Anko tilted her head. "You're Morino, right?"

He froze, his breath still coming in short, ragged hitches. "…Yeah. And?"

A slow, predatory grin spread across her face. "I fought your brother, Ibiki, in the Chūnin Exams. He nearly took my arm off before I pinned him."

Idate adjusted his grip on the angry tanuki, refusing to look away. "Ibiki's... history... is his own," he managed, his chest still heaving. "I'm the... one... on the clock."

Anko cracked her knuckles, the chainmail producing a metallic chatter. "He was more fun.

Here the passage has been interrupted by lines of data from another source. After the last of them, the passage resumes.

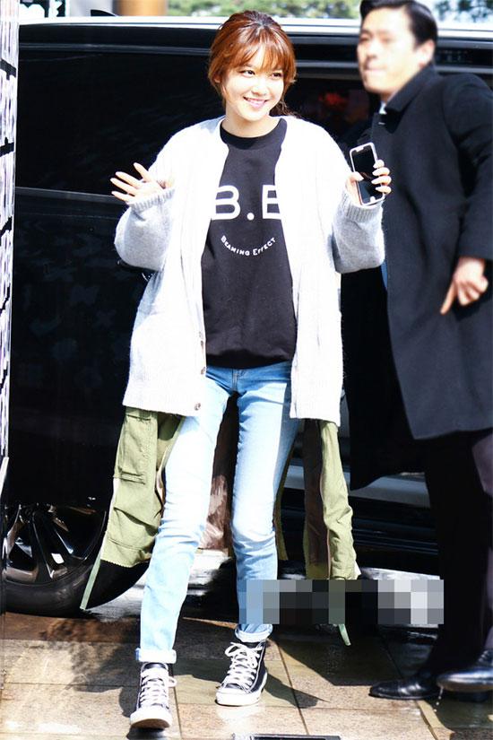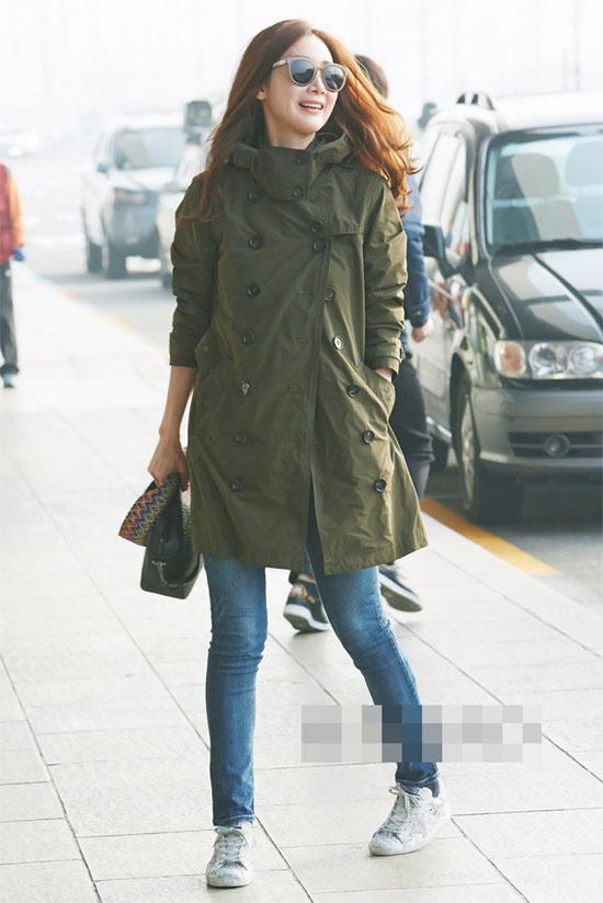 Sooyoung năng động và thời thượng với quần jeans xắn gấu, áo nỉ, áo choàng dài
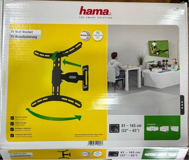 Detalles del productoPara la instalación de pantallas planas, sistema Easy-Fix para orientar el televisor de forma sencilla y sin etapas; el organizador de cables aporta orden y el alivio de tracción necesario para los cables; después de instalario, el soporte se puede nivelar horizontalmente en la pared con ayuda de los agujeros alargados, nivel de burbuja integrado para un
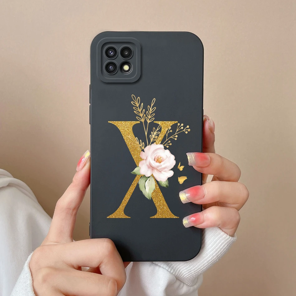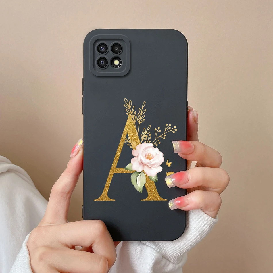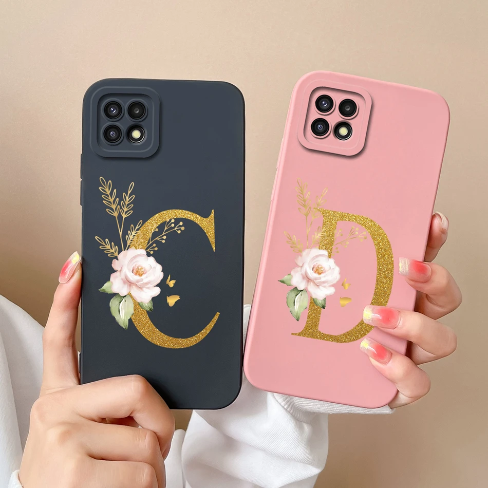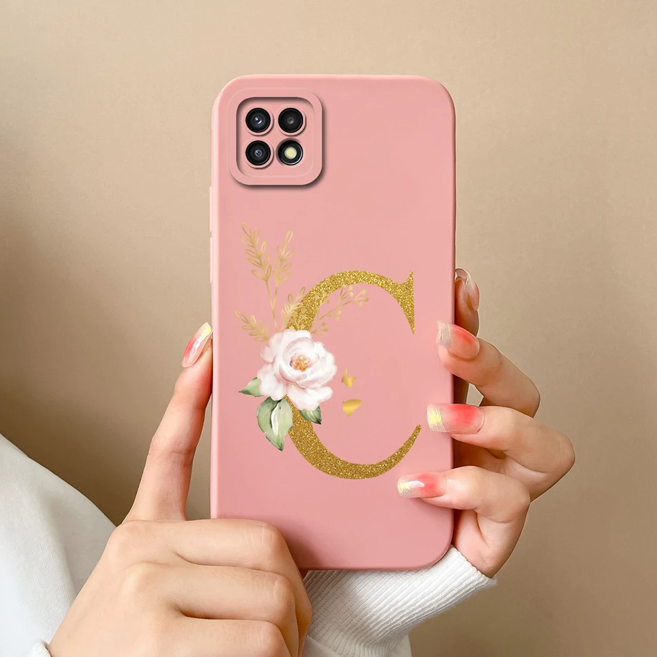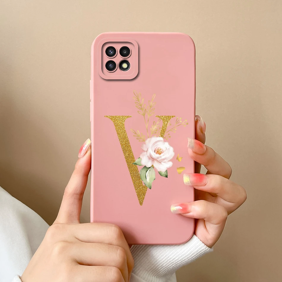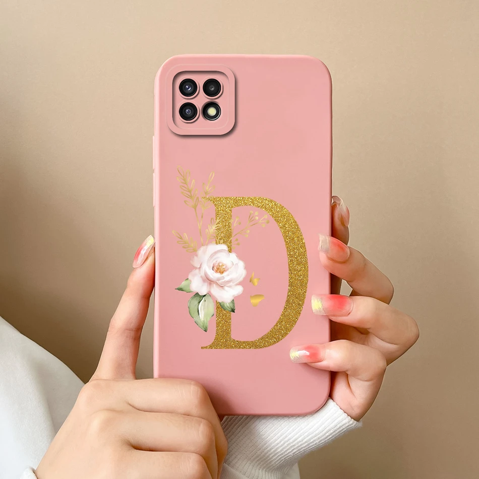 Comprar Funda de teléfono para Samsung A22 A22S, cubierta protectora de lente de silicona líquida suave con letras rosas elegantes para Galaxy A22 A 22S, parachoques

You've got his stubbornness, but you're stiff. Don't choke on your own history, Wasabi."

Idate turned away, but I saw his lips curling up for a fraction of a second before he masked it.

Pakkun trotted forward, testing the air near the tanuki. "Target confirmed. Mission complete."

Bunbun squeaked and, in a sudden burst of spite, licked Naruto's face.

"—EW—!" Naruto recoiled, wiping his cheek with his mesh sleeve.

Laughter broke through, carrying through the still, heavy air. I glanced upward. High above, thin cirrus clouds had started to creep in, veiling the sun and turning the light a bruised purple.

The atmosphere cinched shut.

We had the tanuki, but the storm was only a day away.